Fall has been a season of superlatives in the Cranberry Isles. Along with a November that might turn out to be the warmest on record, in Maine, the foliage has been the brightest we’ve seen in years. A simple walk or trip to the mainland begs one to pull out the camera time and again. Best of all, this has been an amazing fall for apples. All over the islands the trees have been loaded.

On a November Saturday, I caught up with my neighbor, Kaitlyn Duggan, and her two-year-old son, Bode, as they were going down the road by our house. They were each eating an apple from the tree in Mark and Vicky Fernald’s yard.

When I said I was going to write about apples Kaitlyn’s eyes lit up. “I love picking apples on the island. It’s one of my most favorite things to do! Getting outside in the fall sun, picking with a view of the water, it’s the best. And it’s free food!”
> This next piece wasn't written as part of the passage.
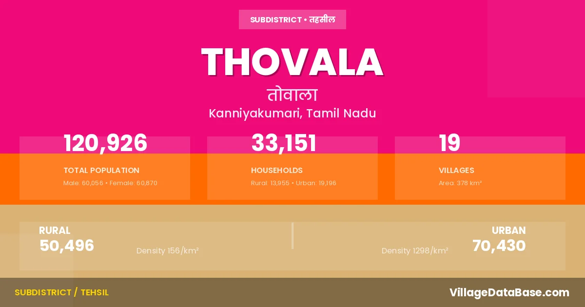 According to the 2011 census The total area of Thovala Taluka is 378 km², with a population of 120926 people. The population density is 320 inhabitants per square kilometre, and there are approximately 33151 houses in the sub district.

We commented on the tree filled with yellow apples by Jack and Ellie’s house on the edge of the Sand Beach.

“I’ve probably picked six grocery bags full from that tree this year,” she said. I and many others have been to the same tree several times, picking up drops and reaching the low branches to pick, with a view of the Islesford harbor.

Kaitlyn’s husband, Cory, has been making cider, experimenting with different blends of island apples. He figures he has pressed, pasteurized and preserved at least 40 gallons this year. Kaitlyn has made several batches of applesauce, adding flavor and color with rose hips from her own garden. I asked if she knew what kind of trees were around the island. She said, “You really should give Eliza a call.”